- **EXERCISE PROMPT**
In the material below, find the line with "程よい辛さの鶏もも肉カレーに" and the line with "Gazele Biznesu są", then output both and every line between them exactly, omitting pictures.

- **MATERIAL PROVIDED**
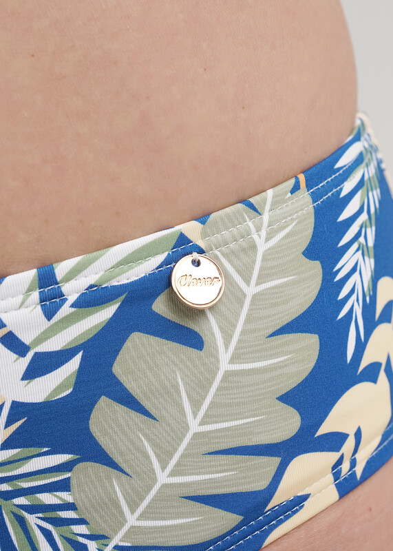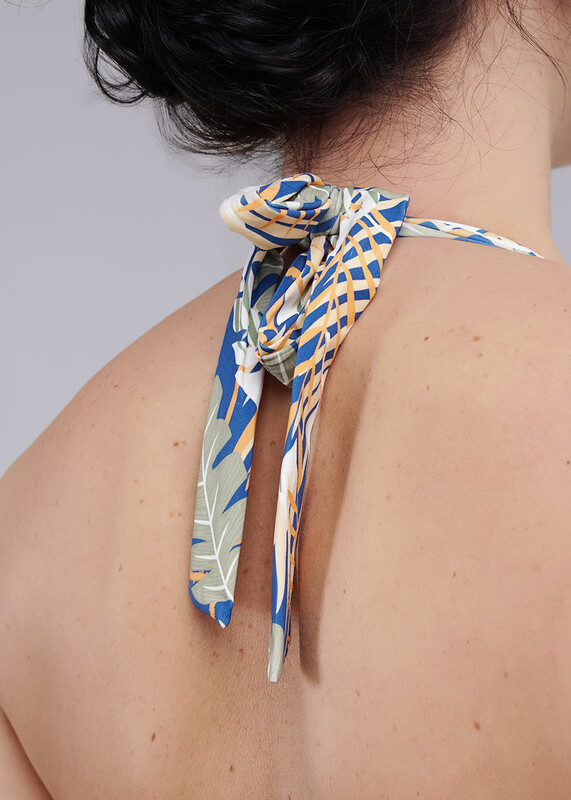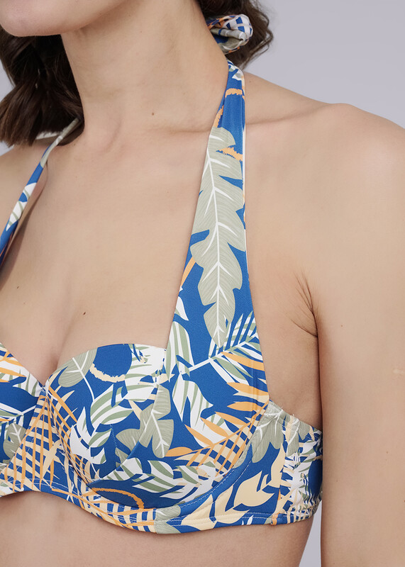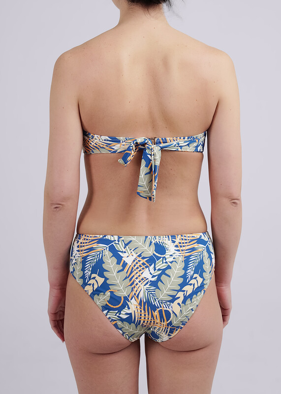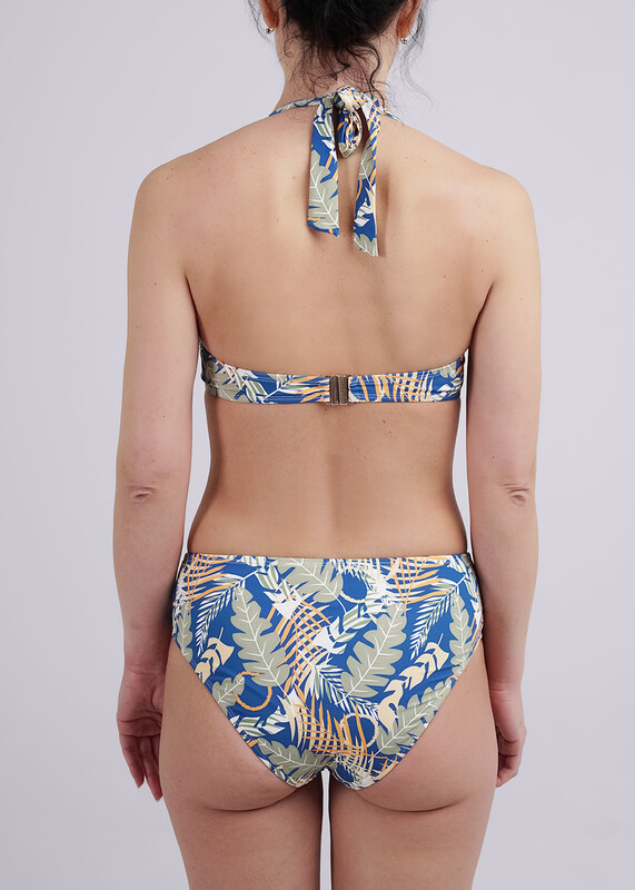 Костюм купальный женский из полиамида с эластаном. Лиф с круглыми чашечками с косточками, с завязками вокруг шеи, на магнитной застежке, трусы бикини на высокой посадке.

* * *

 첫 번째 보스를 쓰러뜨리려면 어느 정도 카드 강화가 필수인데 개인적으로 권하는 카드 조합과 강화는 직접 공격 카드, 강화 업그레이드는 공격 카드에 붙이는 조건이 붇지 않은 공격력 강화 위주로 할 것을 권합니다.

--

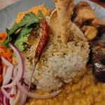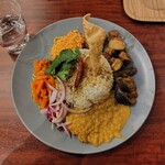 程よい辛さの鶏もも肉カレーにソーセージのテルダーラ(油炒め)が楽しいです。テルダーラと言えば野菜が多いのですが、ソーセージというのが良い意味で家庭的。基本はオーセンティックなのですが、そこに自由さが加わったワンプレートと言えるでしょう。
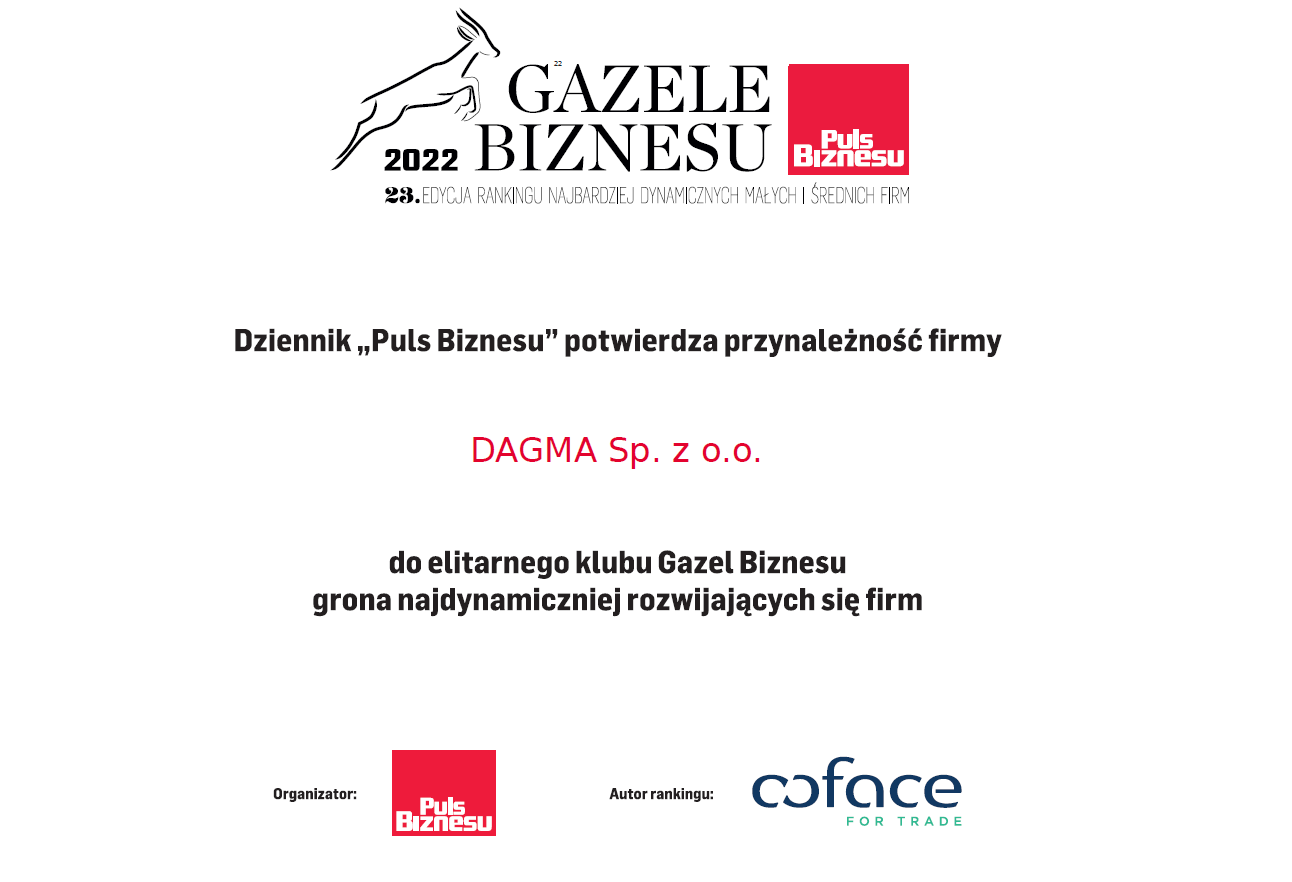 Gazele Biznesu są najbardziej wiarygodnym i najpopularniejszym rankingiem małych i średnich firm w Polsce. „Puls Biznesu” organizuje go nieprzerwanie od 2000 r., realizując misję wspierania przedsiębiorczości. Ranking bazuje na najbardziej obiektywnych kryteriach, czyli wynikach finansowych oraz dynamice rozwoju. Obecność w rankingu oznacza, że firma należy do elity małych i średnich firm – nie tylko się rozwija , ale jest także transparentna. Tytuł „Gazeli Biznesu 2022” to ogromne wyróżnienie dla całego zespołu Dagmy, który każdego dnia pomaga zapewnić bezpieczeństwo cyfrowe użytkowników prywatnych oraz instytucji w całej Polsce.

- **RESULT BELOW**
 程よい辛さの鶏もも肉カレーにソーセージのテルダーラ(油炒め)が楽しいです。テルダーラと言えば野菜が多いのですが、ソーセージというのが良い意味で家庭的。基本はオーセンティックなのですが、そこに自由さが加わったワンプレートと言えるでしょう。
 Gazele Biznesu są najbardziej wiarygodnym i najpopularniejszym rankingiem małych i średnich firm w Polsce. „Puls Biznesu” organizuje go nieprzerwanie od 2000 r., realizując misję wspierania przedsiębiorczości. Ranking bazuje na najbardziej obiektywnych kryteriach, czyli wynikach finansowych oraz dynamice rozwoju. Obecność w rankingu oznacza, że firma należy do elity małych i średnich firm – nie tylko się rozwija , ale jest także transparentna. Tytuł „Gazeli Biznesu 2022” to ogromne wyróżnienie dla całego zespołu Dagmy, który każdego dnia pomaga zapewnić bezpieczeństwo cyfrowe użytkowników prywatnych oraz instytucji w całej Polsce.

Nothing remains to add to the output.